With both leave_pinned and use_mem_hook enabled on a linpack run we get the assertion error on the memory callback in linpack. That is to say, there is a free occurring in the middle of a registration.
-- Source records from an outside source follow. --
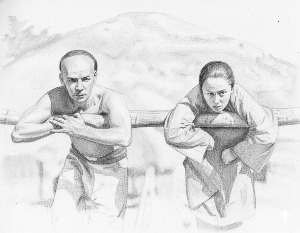 가뭄과 기근의 고통을 함께 견디는 왕룽과 아내 오란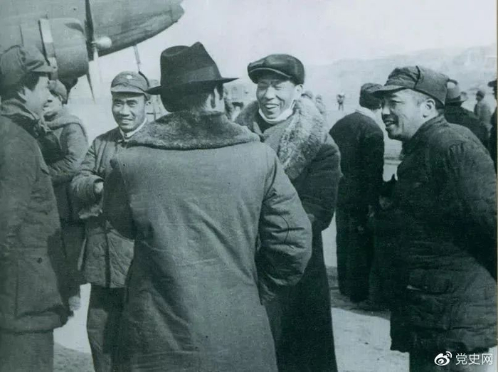 1946年2月19日,周恩来从重庆返回延安汇报工作。毛泽东等在延安机场迎接周恩来。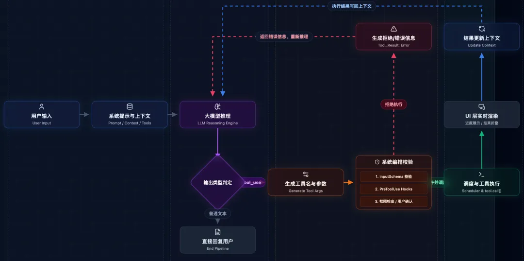 但接下来是不是能执行、以什么顺序执行、是否需要用户确认、能不能并发、结果怎么回流上下文,这些事情都已经不再由模型说了算,而是进入了框架的编排链路。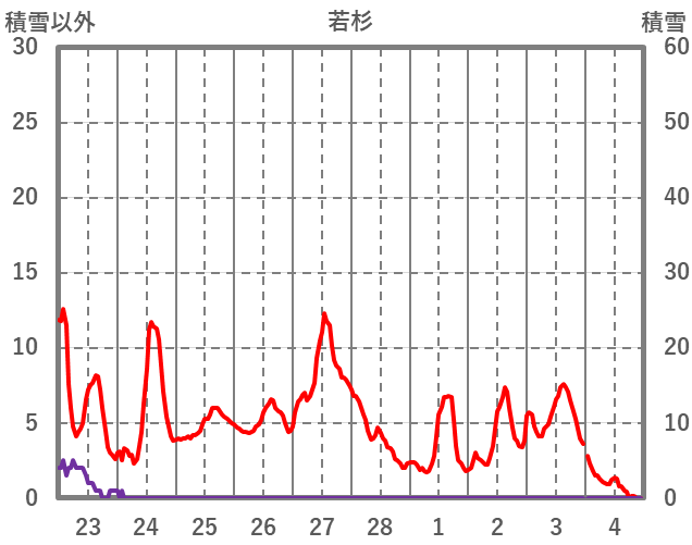 | 日 | 時 | 気温 | 降水 | 風向/風速 | 日照 | 積雪 | 降雪 |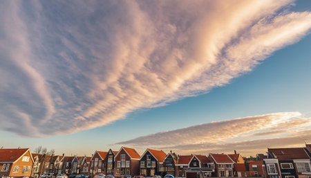 Clouds over houses in Zaanse Schans, Netherlands.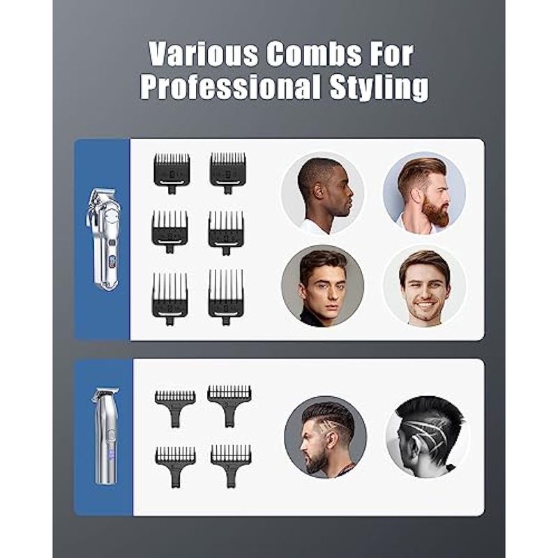 Juego profesional de cortapelos y recortadora: la cortadora de pelo grande se puede utilizar para afeitarse tanto el cabello como la barba, mientras que la pequeña recortadora está equipada con una cuchilla en forma de T para recortar las patillas y los bordes alrededor de las orejas. Puedes obtener fácilmente el corte de pelo que deseas en casa, como en una peluquería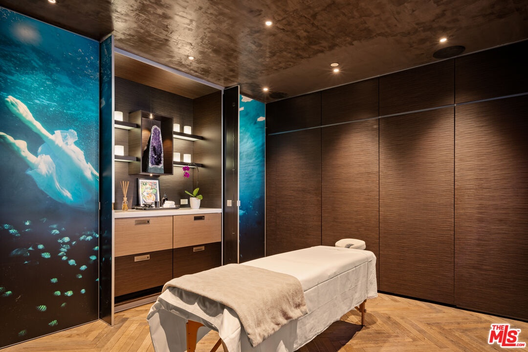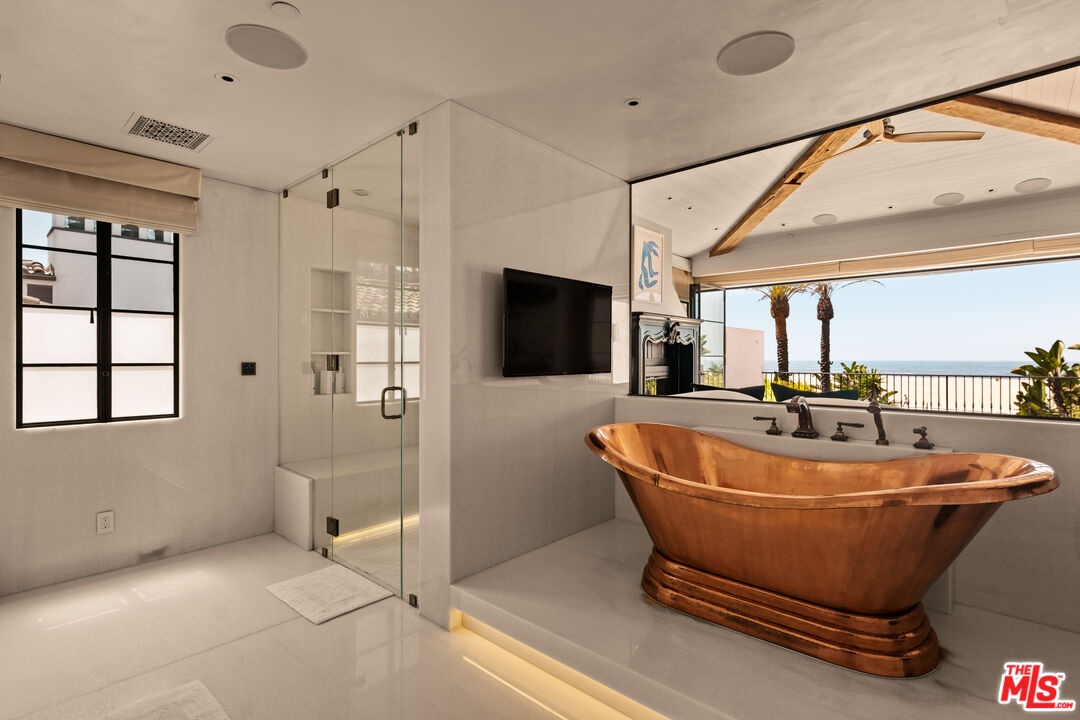 Welcome to Villa Molori, a legacy estate along the famed Palisades Beach Road in Santa Monica. Once graced by legends like Charlie Chaplin and Howard Hughes, this exclusive enclave known as the original "Billionaire's Beach"is now home to tech moguls, film executives, and captains of industry seeking the ultimate coastal retreat. Crafted by Molori Design, this world-class resort-style estate exemplifies coastal luxury. With multiple access points and proximity to first responders, experience unmatched serenity with 24-hour private security and a fully staffed fire station just yards away. From the lushly landscaped grounds and private infinity-edge pool with hot tub and cold plunge, to the open-air stainless steel kitchen by Kalamazoo and dual alfresco lounge areas, every inch of the exterior was designed for both celebration and serenity. Tropical gardens and soaring palms form a green cocoon of privacy while offering unobstructed ocean views that stretch to the horizon.Inside, soaring ceilings and wide-plank chevron oak floors lead you through a gallery of European-inspired luxury. Floor-to-ceiling glass doors open to create united indoor and outdoor spaces, blurring boundaries between architecture and nature. A grand formal living room is framed by Ebony Macassar and Thassos stone, opening to an expansive deck ideal for sunset entertaining. A statement fireplace anchors an outdoor dining area set beneath the stars, wrapped in tall bamboo for ultimate seclusion. The chef's kitchen, inspired by the famed El Bulli restaurant and designed in collaboration with culinary innovator Juan Carlos Ramos, features bespoke cabinetry and Wolf & Sub-Zero appliances. An elegant dining room seats up to 25 guests, flanked by French doors and ocean breezes. Upstairs, the showstopping primary suite is a sanctuary of light, warmth, and view. Vaulted ceilings with exposed beams and a sculptural wood fan crown a space anchored by a sleek fireplace and floor-to-ceiling doors that open to a private balcony. Enjoy watching your best films with a full screen projector and surround speakers. Herringbone floors echo the craftsmanship throughout, while a spa-worthy bath with copper double slipper tub and steam shower completes the retreat. A second primary suite mirrors the luxury, with retractable glass walls and a private terrace with rooftop jacuzzi. Every bedroom feels like a five-star hotel suite, featuring built-in coffee stations, private bars, and luxurious en-suite baths. A state-of-the-art home theater, gym, yoga/pilates studio. The villa also features a modern minimalist steam room with a unique heavy metallic porthole window. The massage room features a Murphy bed and can be turned into a 6th bedroom. A Geothermal radiant serves for the floor & pool heating speaks to the no-expense-spared ethos. Technology meets tranquility with full Control4 home automation, sound-engineered windows and doors, a private garage and generous guest parking. Surrounded by neighbors such as George Rosenthal or David Bonderman, this stretch has long attracted A-listers and visionaries. The home was untouched and not evacuated during recent wildfires testament to its prime location and enduring security. A once-in-a-generation offering on the most sought-after shorelines ready for your permanent home.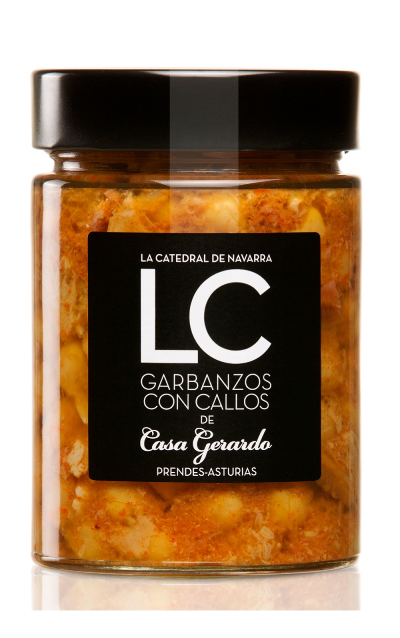 Ceci con la trippa prodotto da La Catedral de Navarra seguendo la ricetta fornita dallo storico Ristorante Casa Gerardo, nelle Asturie, i cui proprietari hanno selezionato i migliori ingredienti e hanno supervisionato il processo di sviluppo, dando come risultato un paio di ceci con trippa deliziosa.

| Existing registrations: | |
| Base | Bound | Length |
| 241615360 | 244841607 | 3226248 |
| 244841608 | 246428807 | 1587200 |
| 246428808 | 248016007 | 1587200 |
| 248019648 | 251245895 | 3226248 |
| | |
| Tyring to free | | |
| 247917216 | | |
| From | | |
| Base | Bound | |
| 246428808 | 248016007 | |
When we get the assert, we are trying to free: 247917216, which is in the middle of the registration. Note we have NOT resized any registrations so I am confident there is not an issue with either the tree or the resize at least as far as linpack is concerned.
Here is the callstack:
#0 0x0000002a95f079c9 in raise () from /lib/libc.so.6
#1 0x0000002a95f08e6e in abort () from /lib/libc.so.6
#2 0x0000002a95f01690 in __assert_fail () from /lib/libc.so.6
#3 0x0000002a9571b200 in mca_mpool_base_mem_cb (base=0xec6eaa0, size=31624,
cbdata=0x0) at mpool_base_mem_cb.c:53
#4 0x0000002a9587fe0d in opal_mem_free_release_hook (buf=0xec6eaa0,
length=31624) at memory.c:121
#5 0x0000002a9588bd12 in opal_mem_free_free_hook (ptr=0xec6eaa0,
caller=0x42b052) at memory_malloc_hooks.c:66
#6 0x000000000042b052 in ATL_dmmIJK ()
#7 0x000000000064f9b1 in ATL_dgemmNN ()
#8 0x000000000057722b in ATL_dgemmNN_RB ()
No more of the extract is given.